---- DATA SEGMENT

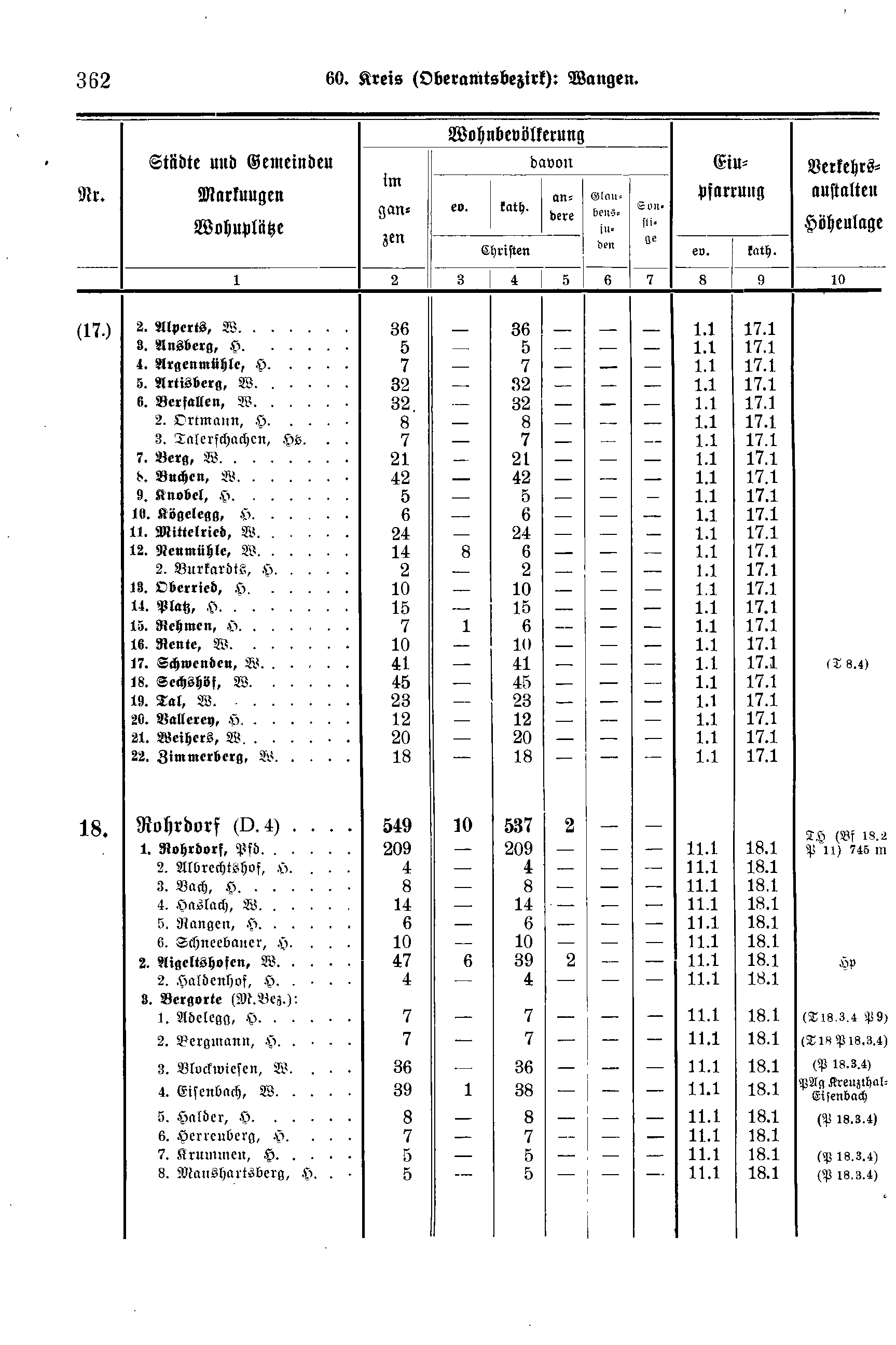 Wohnbevölkerung Einpfarrung Verkehrs-anstalten
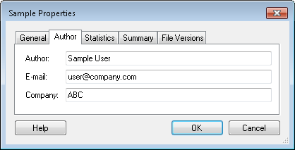 - Author: This tab displays the name of the user who created the workflow, the user's e-mail address, and the company's name. You can change this information in this tab.
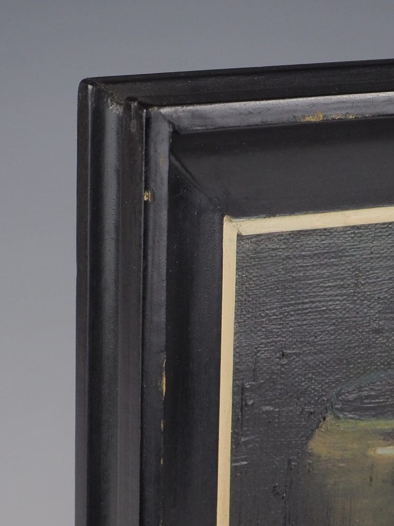 Description Early 20th Century Original Oil Painting Kitchen Still Life Moody setting, complete with black frame Signed by F. Tondeleir

--------

■ WHAT IS EXPECTED: The whole listing above is to be printed exactly; the pictures stay out.

■ SOLUTION:
 Wohnbevölkerung Einpfarrung Verkehrs-anstalten
 - Author: This tab displays the name of the user who created the workflow, the user's e-mail address, and the company's name. You can change this information in this tab.
 Description Early 20th Century Original Oil Painting Kitchen Still Life Moody setting, complete with black frame Signed by F. Tondeleir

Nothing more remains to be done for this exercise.